So, the recent uproar about the cashless policy that he rolled out a few days ago may be totally misplaced if it is all about absolutes rather than part of the debates. Of course absolutes do not survive in a thriving public space as debates. It ought not. Naturally, just like in the academia, the financial sector is also an area with scant acceptance of absolutes, as there are as many views on issues as those who propound them.

It is said that only intellectuals disagree on virtually everything, but remain friends. This is also a truism in the financial sector. There must be debates and disagreements. But even at that, there must also be a reservation for the person who has a bird’s-eye view of the entire scenario. In the instant case that reservation is the exclusive preserve of the CBN governor. It is his to collate all the viewpoints and come to an aggregate while taking his decision. He must do so as boldly and forthrightly as possible.

For, if divergent views scare him, he will never take any decision at all because there must always be those who disagree with him, either genuinely or for different negative reasons, including intimidating him into failure.

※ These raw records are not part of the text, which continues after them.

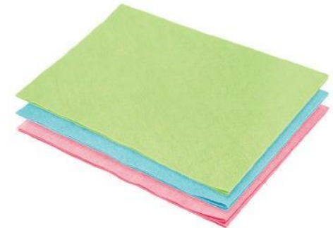
CHIFFON EN MICROFIBRE

Chiffon bien connu et apprécié pour un nettoyage rapide et efficace des surfaces en verre. Absorbe très bien l'eau et ne laisse pas de traces. Idéal pour le polissage, le nettoyage, la collecte de poussière et l'élimination rapide de l'excès d'eau des surfaces nettoyées. Un avantage supplémentaire est son séchage rapide après essorage. Ce chiffon est très résistant et a une large gamme d'applications.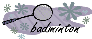
Badminton Freizeit Erwachsene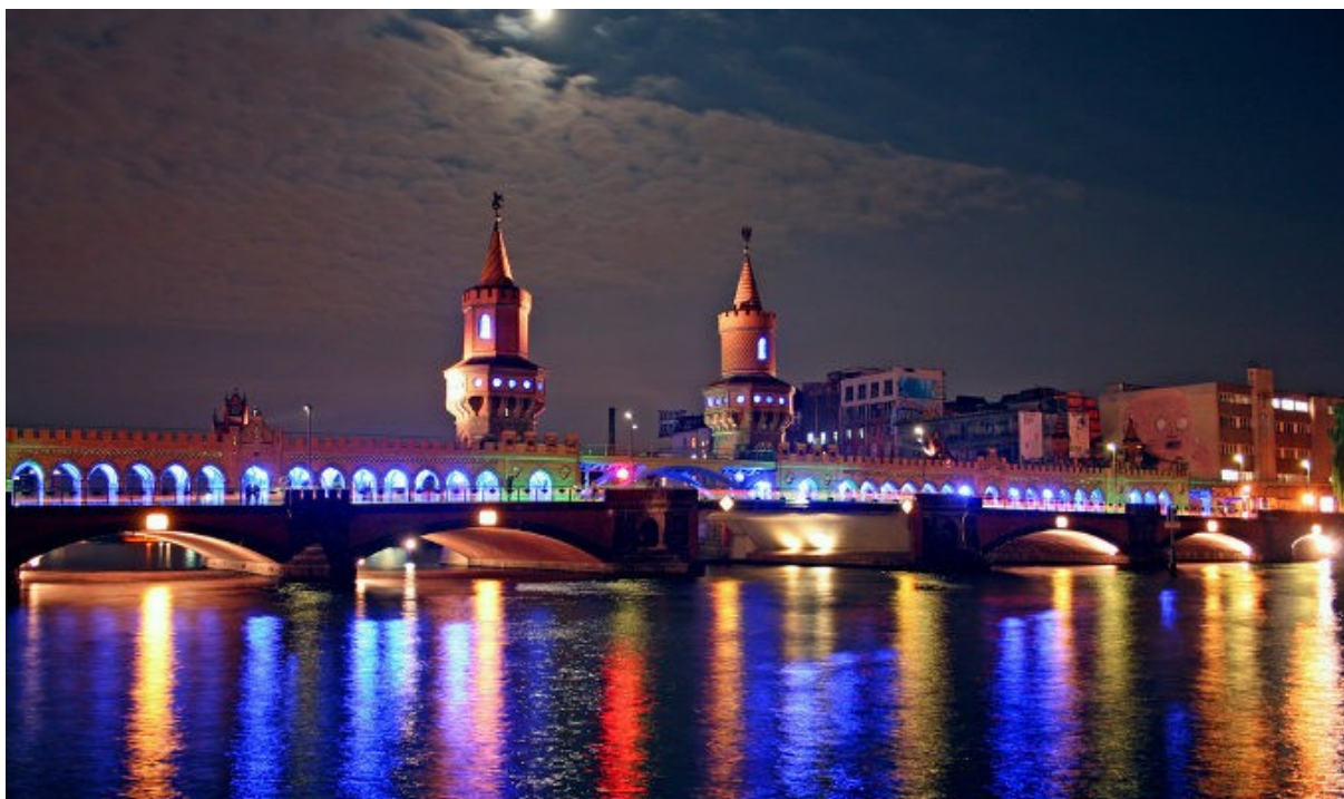
Slika 9: Festival luči

Festival luči je Berlin organiziral od 10. do 19. oktobra 2014. Za to priložnost so bile znamenite stavbe zelo zanimivo osvetljene.

It is also evident that some of the commentators on the issue did not have the entire story or grasped its full import. That was why during the debate in the National Assembly, particularly the House of Representatives, all manner of comments came up some bothering on the manifestly funny, outlandish and the comical, as some members tried to shoot the idea down.

For instance a particular commentator, who described the policy as nothing short of armed robbery, wondered how a farmer with just N300,000 capital, would have N15,000 deducted from his money, just for trying to deposit it into the banks, ending by saying that such a depositor, may eventually be forced into penury after stripping him off his entire money in the process.

However, it is gladdening to note that the CBN boss, during his report on last week’s Monetary Policy Committee (MPC), meeting, came out to dismiss such a contention and ended up disabusing the minds of many people, when he clearly explained that the charges for which many people have become so afraid, would be made on the extras above the N500,000 deposits and withdrawals.

Since then, much of the criticisms, appear to have waned and it looks as if Nigerians are ready to run with the new policy. Not that the idea is totally new. In the first place many bank customers appear to have since embraced it. Most transactions even far below the N500,000 ceiling are currently being done electronically even from those least expected to know much about it. Transfers as low as N1,000 are now done through individual phones of customers, while the big cash users make their transfers through the banks, which is what the policy is all about.

Those who still carry huge cash around, are the ones the policy is meant for and at this stage, it is a matter of choice. Even the illiterates among them cannot give that as an excuse, because they know there are various windows to escape being entrapped. In the first place, many banks have established their branches right inside markets, especially those with huge cash flows while many of them have account officers that deal directly with all manner of customers in a symbiotic way that ensures nobody loses in the entire process.

Therefore, it is expected that nobody would have a problem dealing with the policy and it would be a win-win situation for everybody, except those who insist on sticking to the old ways, who must then be ready to bear the brunt of their stubbornness. Thus, the hullaballoo, may actually be misplaced.

However, the snag, appears to have a completely different hue. A very senior police officer – a retired police commissioner, gave a totally revealing, but shocking perspective to the entire story in the course of the debate. He was emphatic that the cashless policy, which he acknowledged has been on for some years now, was actually responsible for the high level of kidnapping currently ravaging the country.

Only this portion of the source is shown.